The recent weather catastrophe that struck an area of the United States where some fifty million individuals reside brings to the forefront once again the issue of climate change. The storm surge precipitated by the hurricane referred to as, "Sandy," was unprecedented in its severity for this region of the country. The damage that it wrought in both its physical manifestations and its emotional impact on the lives of those directly affected together with the mounting cumulative evidence including extreme hot weather, droughts, the frequency and severity of forest fires, etc. are representative of the expected consequences of the ever-increasing concentration of greenhouse gases in the atmosphere as predicted by sophisticated computer-modeling developed by climate scientists.
I have eluded to some of these factors in previous reports, that show a connection between increased surface temperature of the oceans and the expected increased severity and possible frequency of hurricanes and typhoons that derive their energy from ocean temperature. I would like to take this opportunity, however, to address a very particular aspect of climate change that may directly relate to extreme weather conditions more likely to impact global weather patterns in the more distant future..

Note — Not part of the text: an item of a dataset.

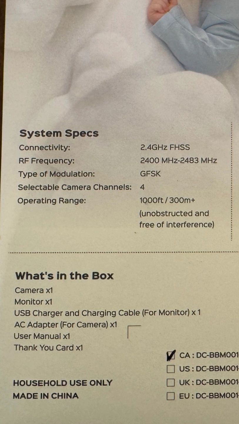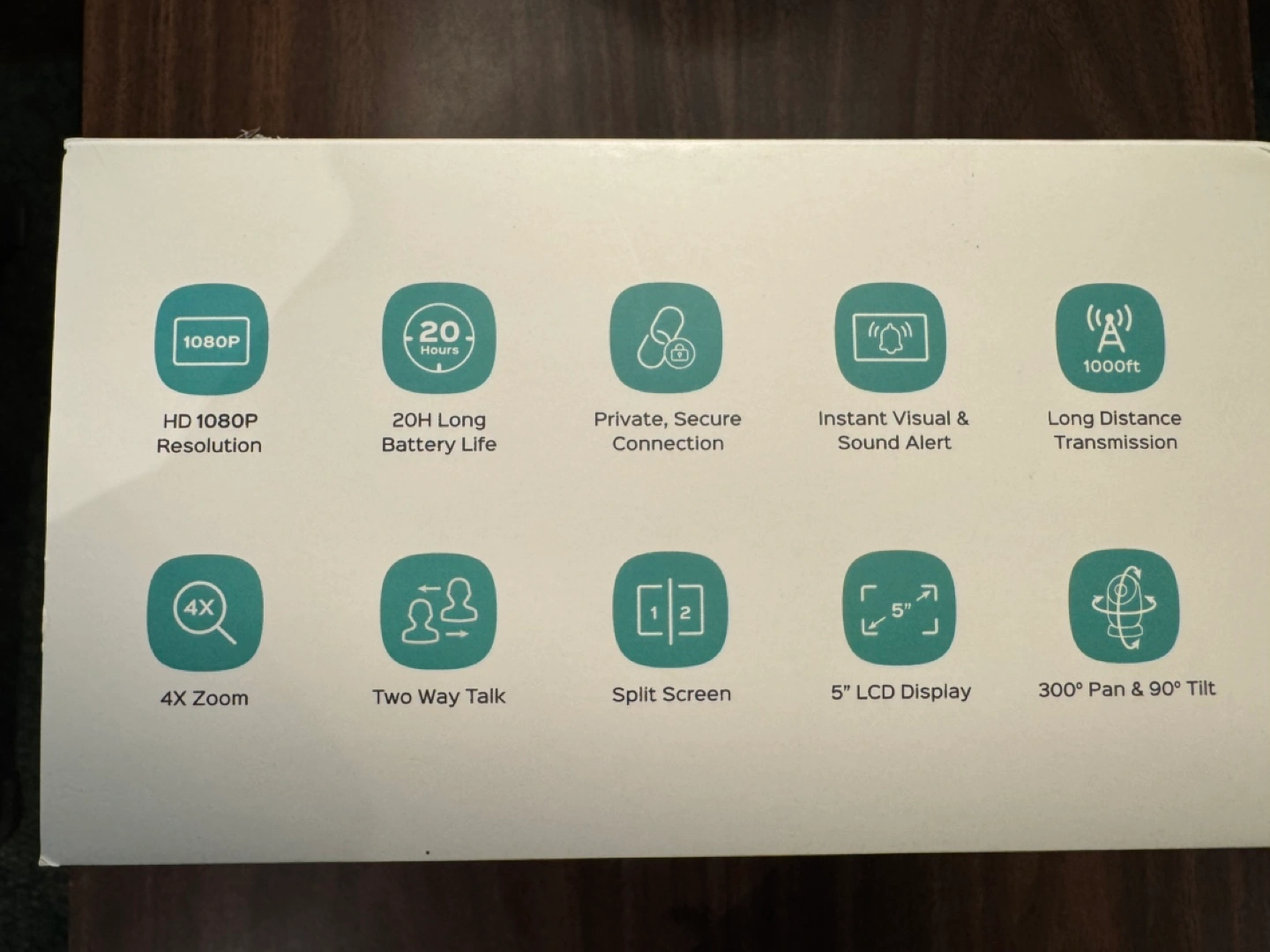 Split screen baby monitor. 5 inch LCD display. 1000 feet range. 2 way talk. 4x zoom. 300 degrees pan and 90 degrees tilt. 20 hours battery life.
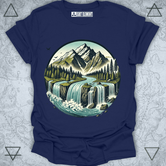 Mountain River Flow – Nature Cascade Premium Graphic T-Shirt

Since the upper layers of the ocean have direct interaction with the atmosphere, changes in this upper level have a direct bearing on climate over shorter periods of time (decades). However, deep ocean circulation has a direct influence over future climate conditions. For water to sink from the ocean's surface to the deeper ocean, it must be more dense – the two criteria that meet this requirement are temperature and salt content i.e. the water must be cold and salty. The water in the Atlantic Ocean and the Greenland Sea – between Greenland and the Scandinavian countries – and the ocean around Antarctica are large bodies of water that meet these requirements. This deep dense water contributes to the deep water circulation that is global in extent. This process is knows at the thermohaline circulation (THC). It is important to understand that the THC influences global climate by transporting heat and freshwater between the oceans globally.
As ice melts as a direct consequence of the level of greenhouse gases in the atmosphere, the water in its immediate vicinity becomes less dense as a result of simple dilution. As a consequence, such water will be less likely to sink to the deep ocean. Consequently, this weakening of the THC, lessens the heat flow from the tropics to the North Atlantic. It is anticipated that if the level of greenhouse gases is allowed to increase unabated over the long term, the THC would be expected to breakdown entirely. If this should happen, the winters in the North Atlantic and Western Europe could be become extremely severe.
This kind of scientific analysis demonstrates that if humanity fails to address the problem of greenhouse gas emission in a meaningful way, both the near term and long term effects could prove disastrous to life as we know it.